Afaik this happened with every single instance of a communist country. Communism seems like a pretty good idea on the surface, but then why does it always become autocratic?
Afaik this happened with every single instance of a communist country. Communism seems like a pretty good idea on the surface, but then why does it always become autocratic?
Lots of reasons, but here’s one:
Because one of, if not the main purpose of money is to provide a decentralized way of transferring information about economic needs and capabilities. Without that mechanism in place, the only way of determining where goods can be created and where they need to go (a massive problem that it is a daily miracle we don’t generally have to deal with) is by an overbearing authoritarian state.
Spoken like someone that hasn’t paid attention to the supply chains of places like Walmart.
We already have command economies. They exist and are functional. The owners are simply siphoning away the surplus value.
As large as Walmart is, it is still absolute peanuts compared to the scale and (especially) dynamism of global production and consumption as a whole.
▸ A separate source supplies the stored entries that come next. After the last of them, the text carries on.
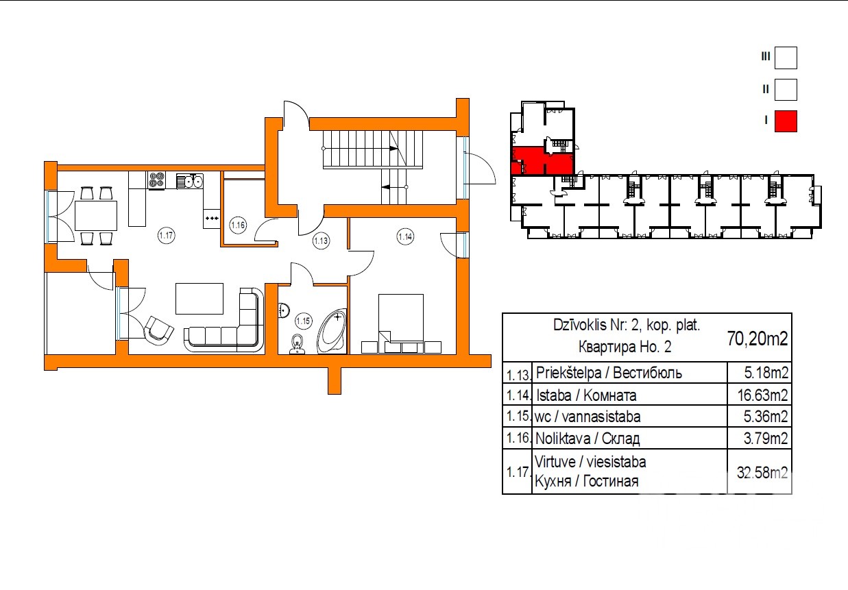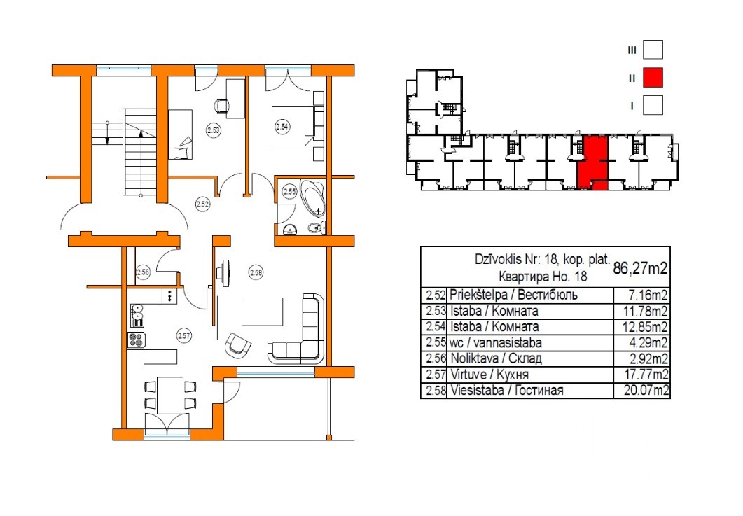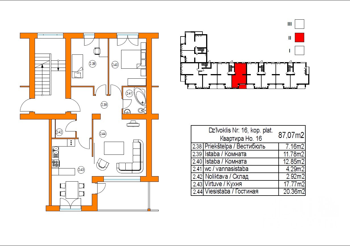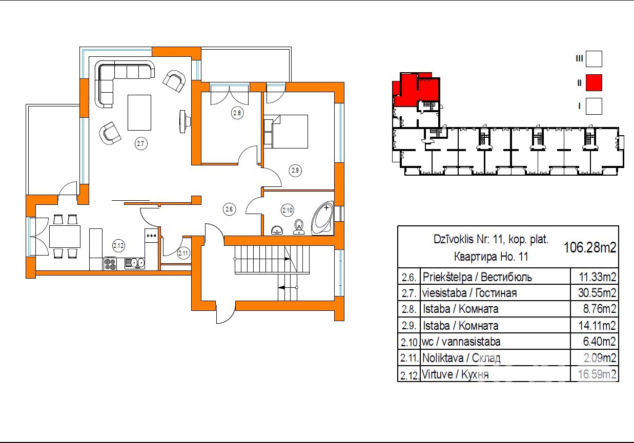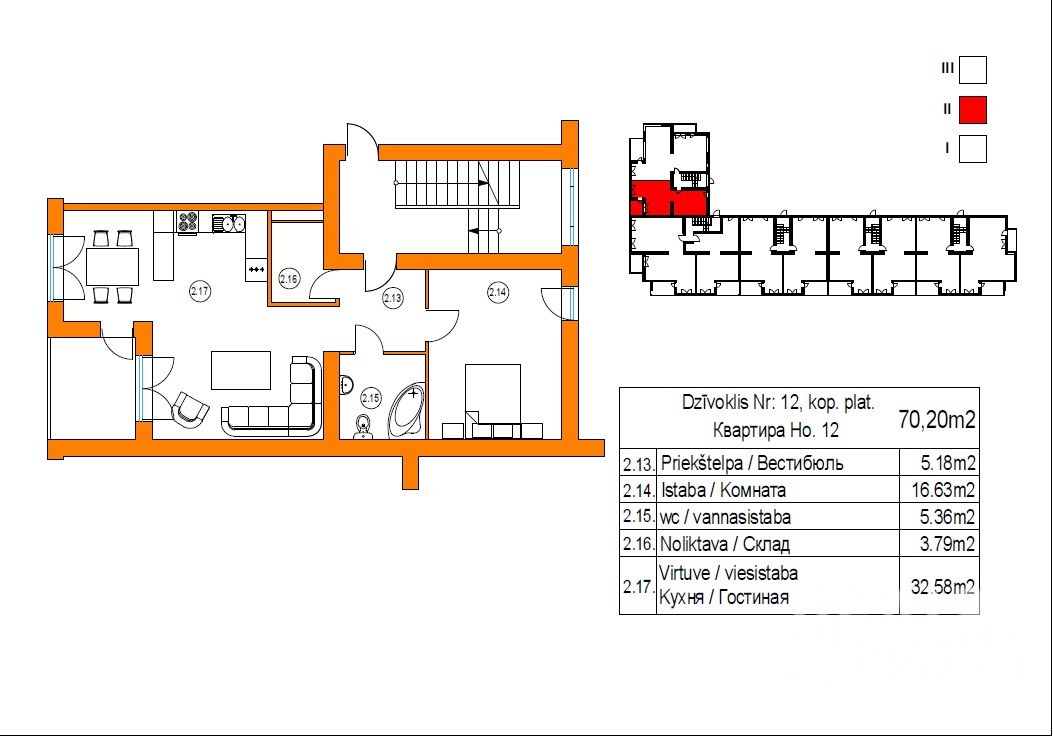 2 комн. квартира находится на морской стороне. Квартира Nr.12 расположена на 2\3 эт., общая площадь - 77 кв.м.
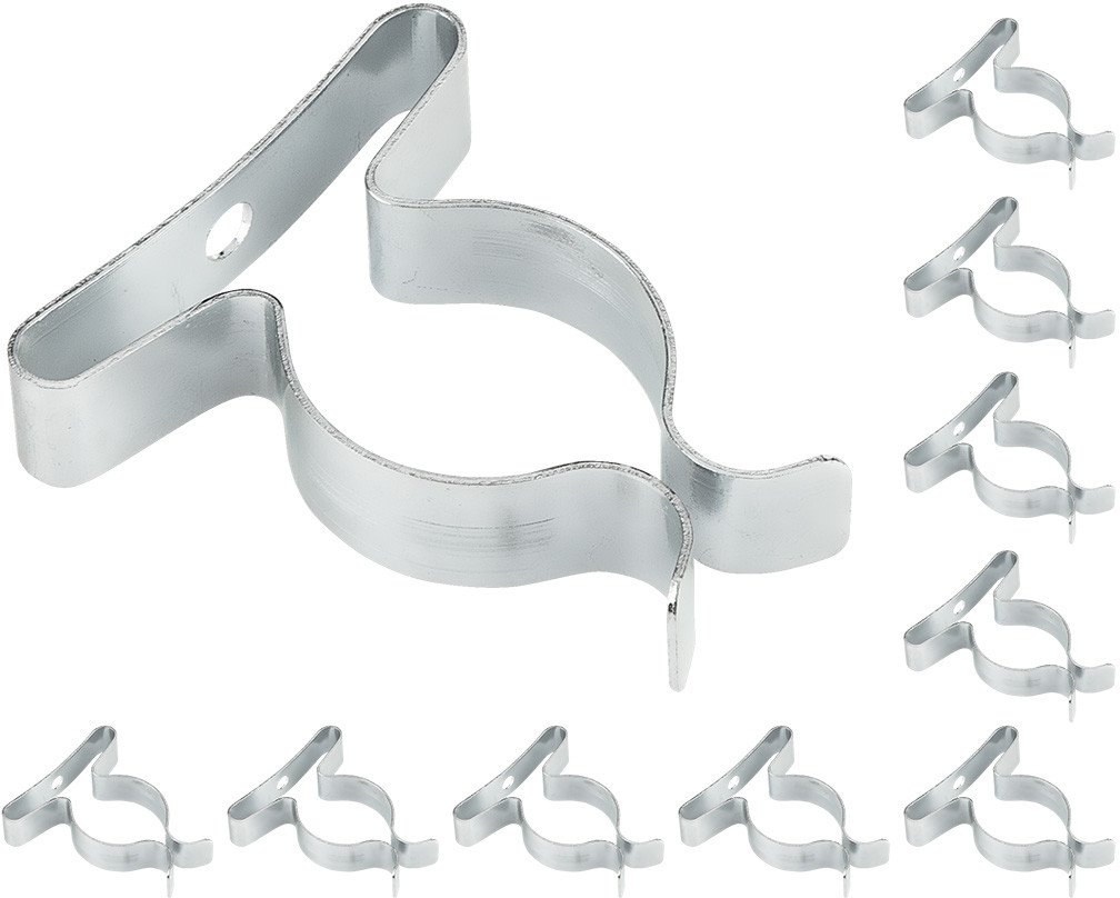 Uchwyt na narzędzia, przeznaczony do mocowania narzędzi takich jak np. miotły, grabie, motyki, widły, łopaty itp. Przystosowany do narzędzi posiadających trzonek o średnicy 19 mm. Wykonany ze sprężystej stali węglowej
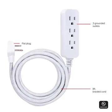 Show moreIntroducing the ultimate solution for powering your devices while adding a touch of style to your space—the elegant Power Strip Surge Protector. Designed by GE, this eight-foot extension cord features a three-outlet surge protector, making it the ideal companion for your laptop, desktop computer, gaming console, TV, and more. With its stunning gray and white chevron patterned braided fabric cord, this power strip doesn't just function well; it elevates the aesthetics of any room in your home or office.
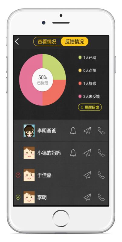 30分鐘內(nèi)未查看的家長,系統(tǒng)將自動推送提醒短信,教師可以看到哪些家長未反饋。曉黑板還提供一鍵免費語音電話提醒,從而避免家長漏看通知。

Global supply chains have to change much faster and in arbitrary ways, compared to the centralized chains of something like Walmart, which in turn is also still subject to the external pressures of competition – even just hypothetical competition based on some hypothetical course of action is a powerful constraint.
So you’re saying you agree?
Walmart is absolutely a result of capitalism, those intricate supply chains are in place to make money. Maybe we could do it without a common way to track needs for a while, but would it adapt? Would the alternative resist corruption better? The invention of Money almost seems an inevitable consequence from one perspective.
I don’t think this answers the original question, but it’s an interesting side topic.
That really depends on what you mean by money and how it’s used in the economy. David Graeber wrote a really great book covering this called “Debt: The First 5,000 Years” that I highly recommend.